In the fourth quarter, Watanabe said he expects firms to tighten their belts and conduct stealth layoffs as many have learned to operate remotely and in leaner ways than before the pandemic.
"While billings are generally on track and many firms are actually claiming to be ahead of budget, the question remains as to how successful they will be in terms of actual collections," Watanabe said. "Firms will do whatever is necessary to remain competitive, and cutting costs is one surefire way to ensure greater levels of profitability."
Law firm revenue has risen by 5.3% year-over-year in the first half of 2020 as many practices upped their billing rates and shortened the collection cycle, according to a recent report from Citi Private Bank's Law Firm Group.

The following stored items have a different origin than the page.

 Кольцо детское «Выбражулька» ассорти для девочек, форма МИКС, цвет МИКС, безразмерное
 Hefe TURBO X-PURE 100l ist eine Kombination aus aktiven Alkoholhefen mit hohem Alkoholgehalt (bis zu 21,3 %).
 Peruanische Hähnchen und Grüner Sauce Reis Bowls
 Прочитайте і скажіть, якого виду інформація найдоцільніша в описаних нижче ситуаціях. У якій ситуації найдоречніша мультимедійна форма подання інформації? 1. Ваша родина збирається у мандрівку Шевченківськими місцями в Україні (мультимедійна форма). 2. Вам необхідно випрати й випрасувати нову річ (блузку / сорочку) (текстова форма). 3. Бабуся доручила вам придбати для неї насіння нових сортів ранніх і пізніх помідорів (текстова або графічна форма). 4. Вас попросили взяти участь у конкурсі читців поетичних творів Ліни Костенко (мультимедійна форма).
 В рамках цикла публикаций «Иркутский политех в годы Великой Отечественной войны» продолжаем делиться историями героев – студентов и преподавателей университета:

However, with demand falling by 0.9% over the first six months of the year, firms could be under higher pressure going into the second half, Citi said. The report surveyed 196 law firms and found that many are concerned about their ability to collect, carrying a 4.7% inventory growth into the third quarter, which has slowed compared to the 6.6% inventory increase last year.
With economic prospects still uncertain, Gary Klein of legal search firm Klein Landau & Romm Inc. said that law firms have also been using the pandemic as an "excuse" to streamline overhead.

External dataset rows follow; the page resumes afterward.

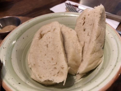 付け合わせはチェコ料理の定番の一つである「クネドリーキ」です。パンのような食べ物で英語では「dumpling」と表記されていました。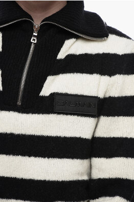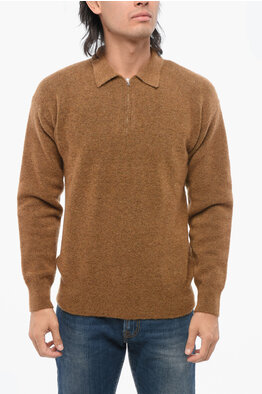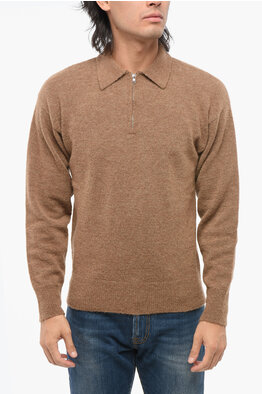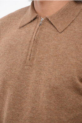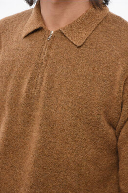 Alpaca Blend Sweater with Polo Neck and Half Zip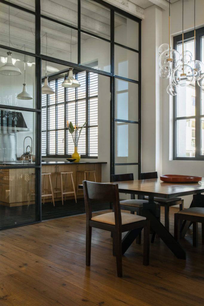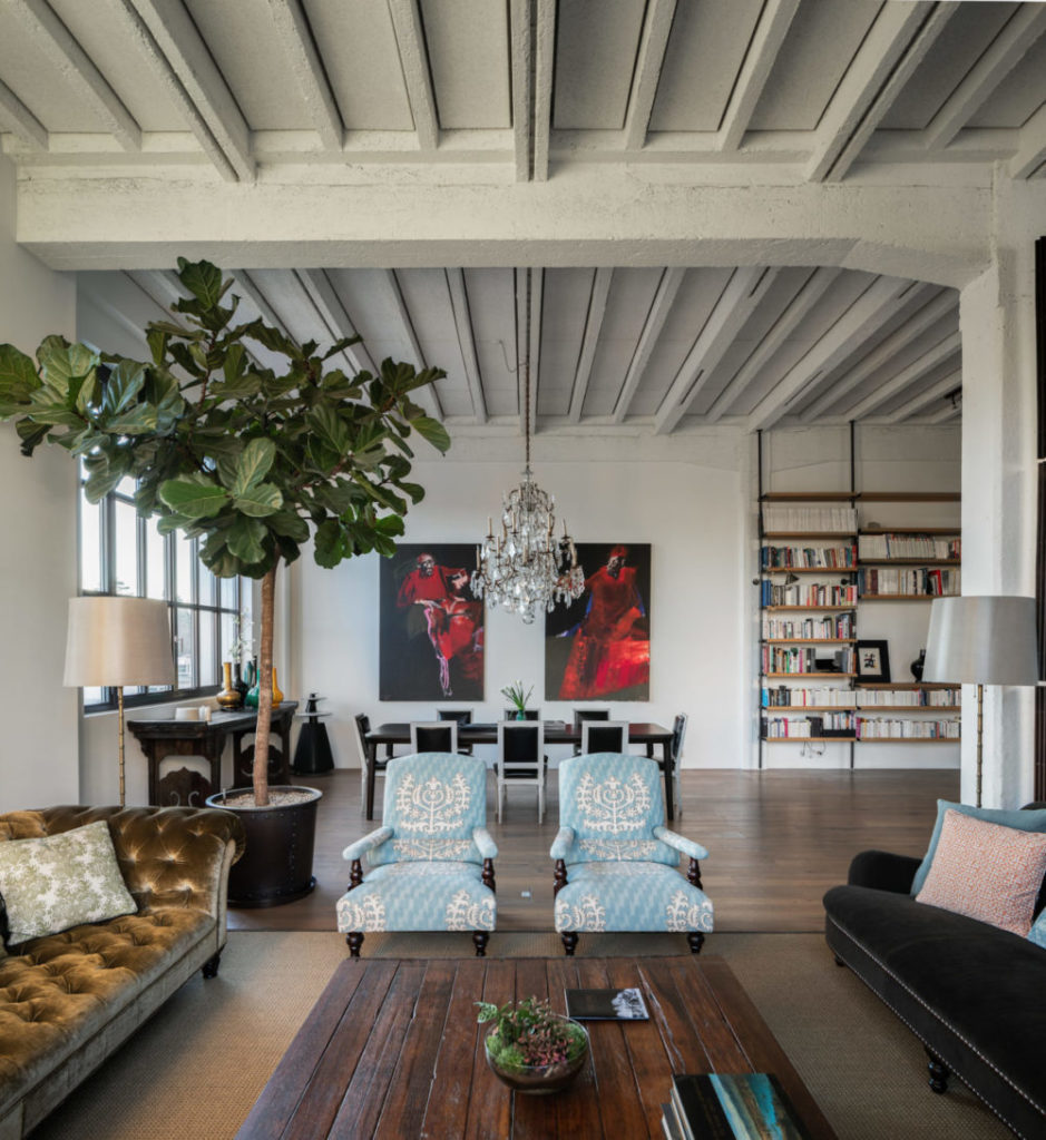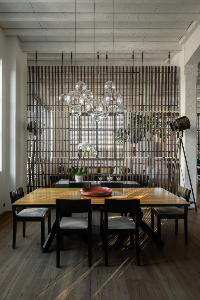 Partout, le mobilier contemporain dialogue avec les objets ethniques. Le métal et les éléments bruts juxtaposés aux matériaux classiques et sophistiqués s’intègrent parfaitement dans cet environnement si profondément industriel. Une transformation qui célèbre la cohabitation et la beauté singulière.

"I don't think there's any doubt that firms have used the pandemic to eliminate underperforming people, lawyers, including at the partner level," Klein said. "It's a really good way to expose underperformance at a time when underperformance cannot be tolerated."
Furthermore, because the timing also coincides with law firms' annual review cycle, law firm strategist Hugh Simons, a former senior partner at the Boston Consulting Group, said it had made it "very easy" to let people go in stealth mode.
"It is in the best interest of an associate who has been let go and is looking for a new job to be able to say that they got laid off because there wasn't enough business," Simons said.